◆ **Work request**
After locating the line with "If an order" in the entries below, output it and each following line up to and including the line with "最感人的是還有一個木製文青風", exactly and without pictures.

___ Exercise input

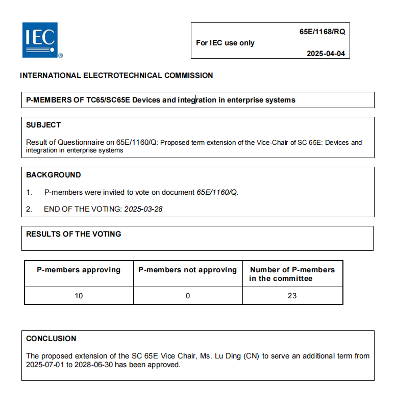 20244月,國際電工委員會企業設備與系統集成分委員會(IEC/SC65E)正式宣布,機械工業儀器儀表綜合技術經濟研究所(以下簡稱儀綜所)標準與檢測中心主任丁露博士以100%贊成率成功連任IEC/SC65E副主席,任期為202571日至2028630日。
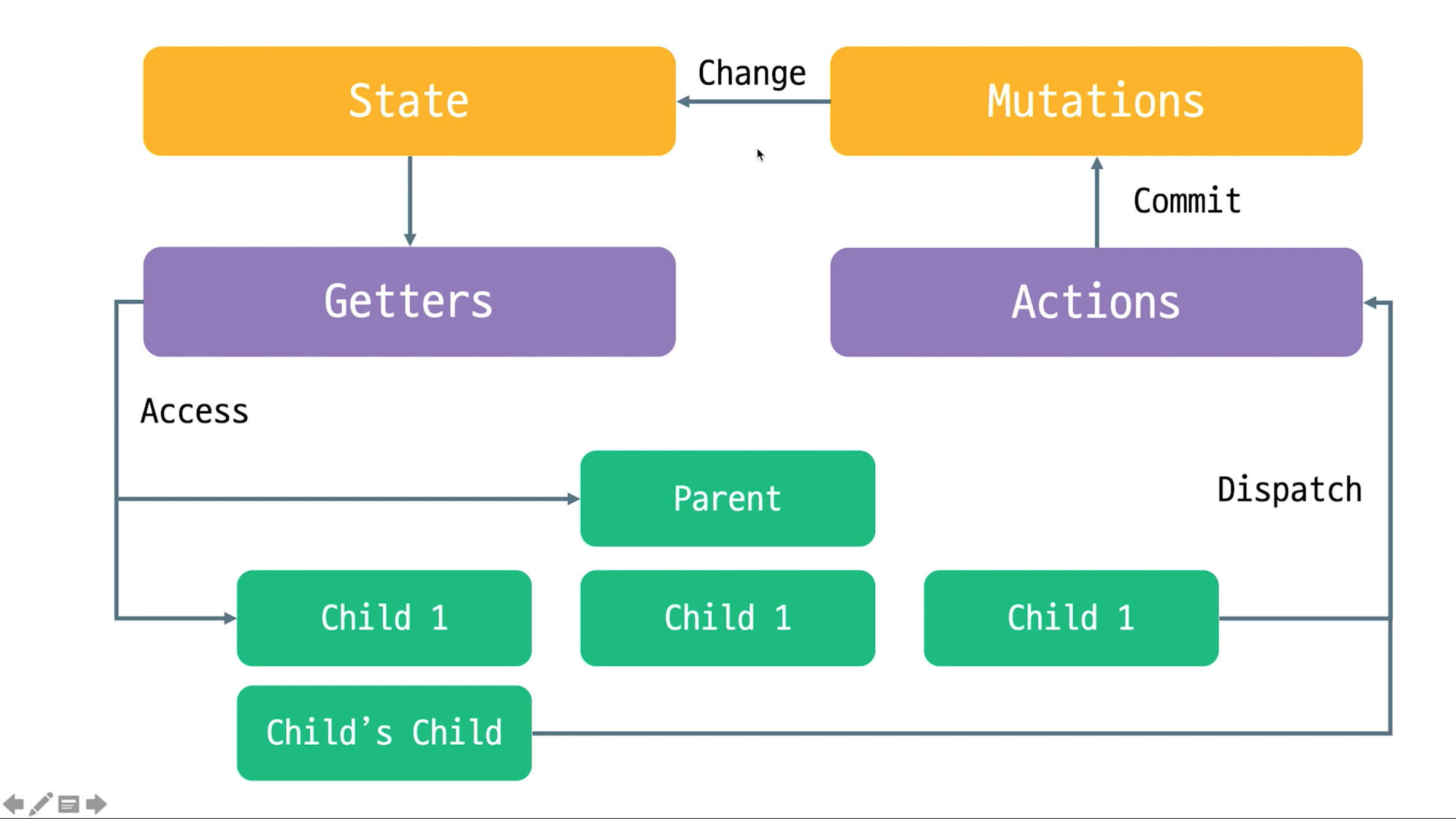 📌 actions를 각 components에서 dispatch를 사용해서 actions를 실행하고 actions내에서 mutations를 commit한다.
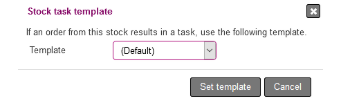 If an order of an item from a stock results in a task, you can choose a task template to create that task. To do so, click on "Set stock task template":
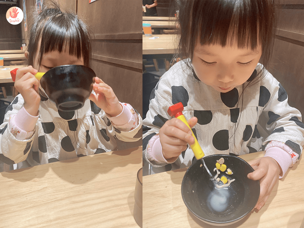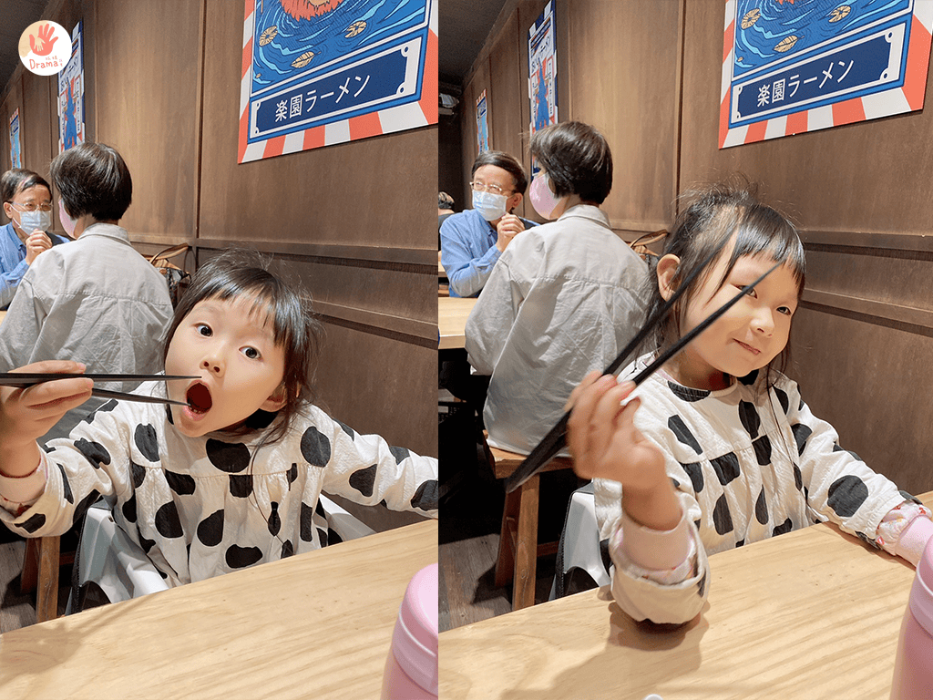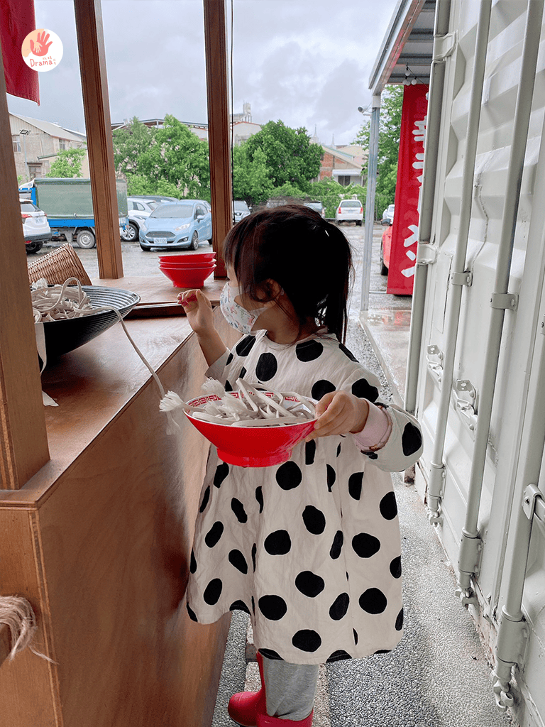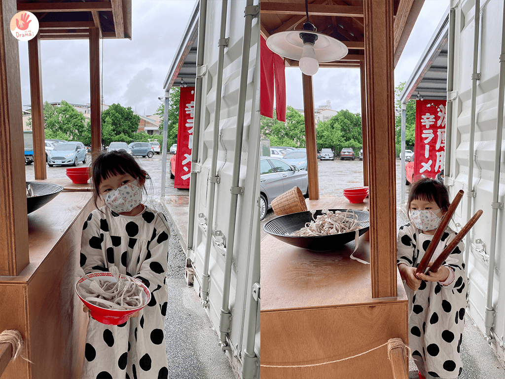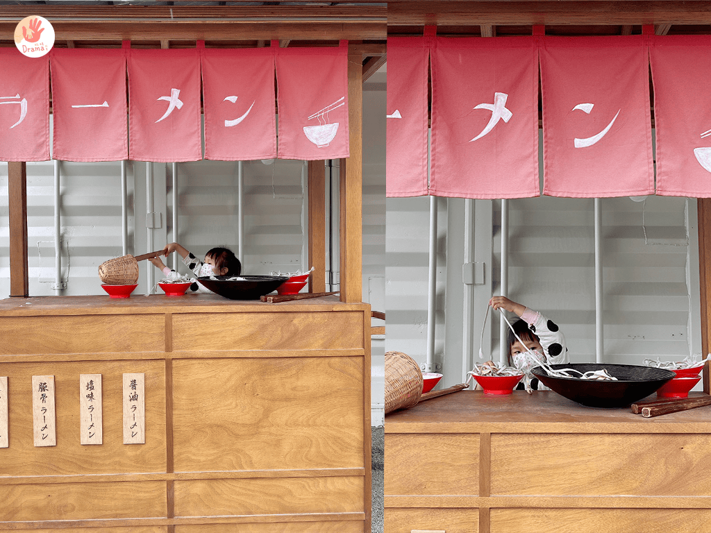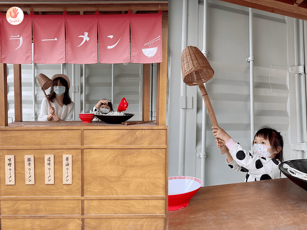 最感人的是還有一個木製文青風的拉麵攤,還擺放了巨大的碗和麵勺,剛好讓女鵝可以玩家家酒
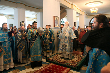 По окончании Литургии глава Липецкой митрополии приветствовал Преосвященных архипастырей, сослужащее духовенство, насельников и прихожан обители, поздравив всех с престольным торжеством.
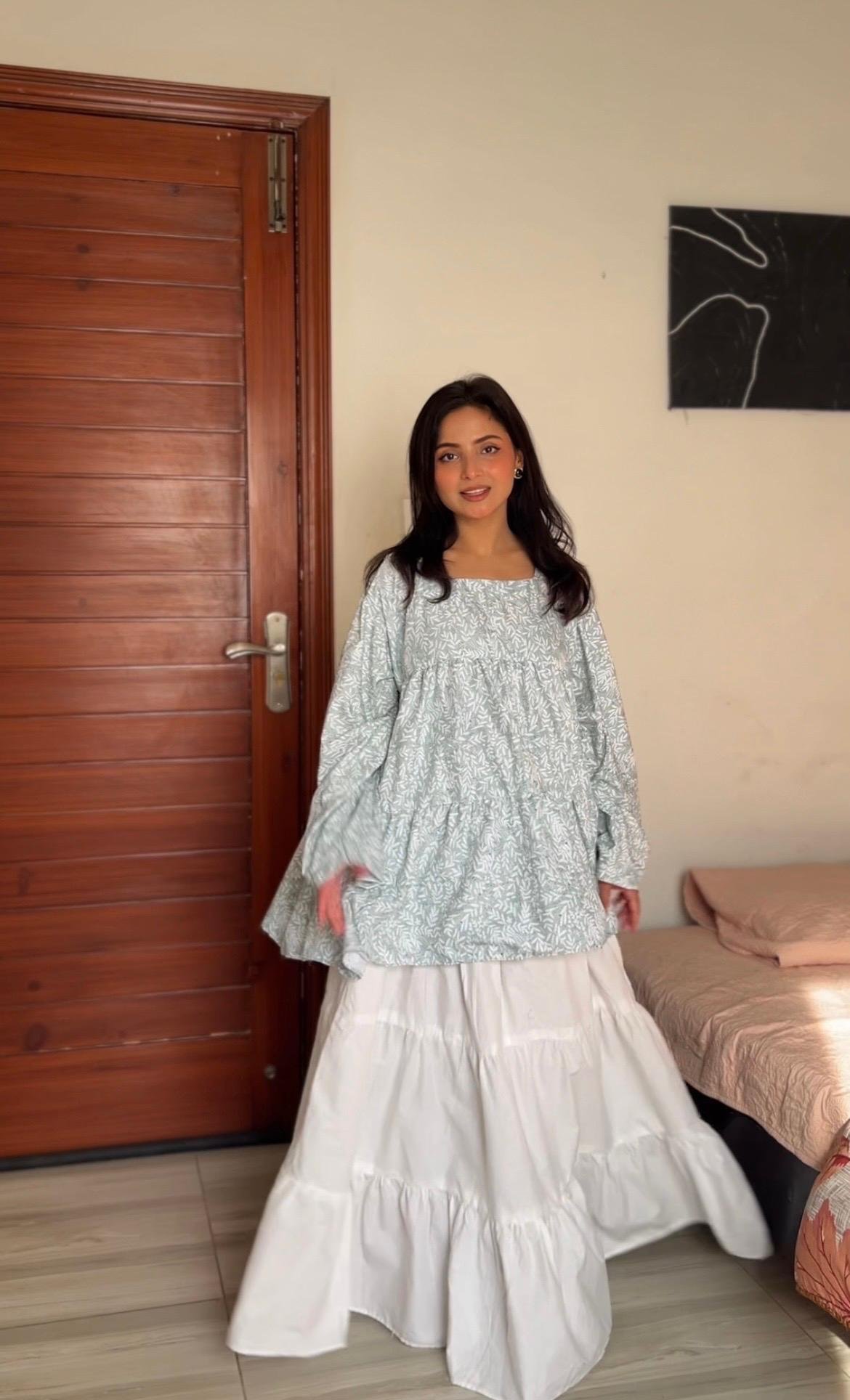 Botanical breeze printed kurti- a beautiful fusion of tradition and modern comfort. this piece is made from premium satin cotton that offers a subtle sheen and a luxurious feel against the skin .

______

◆ **Task solution**
 If an order of an item from a stock results in a task, you can choose a task template to create that task. To do so, click on "Set stock task template":
 最感人的是還有一個木製文青風的拉麵攤,還擺放了巨大的碗和麵勺,剛好讓女鵝可以玩家家酒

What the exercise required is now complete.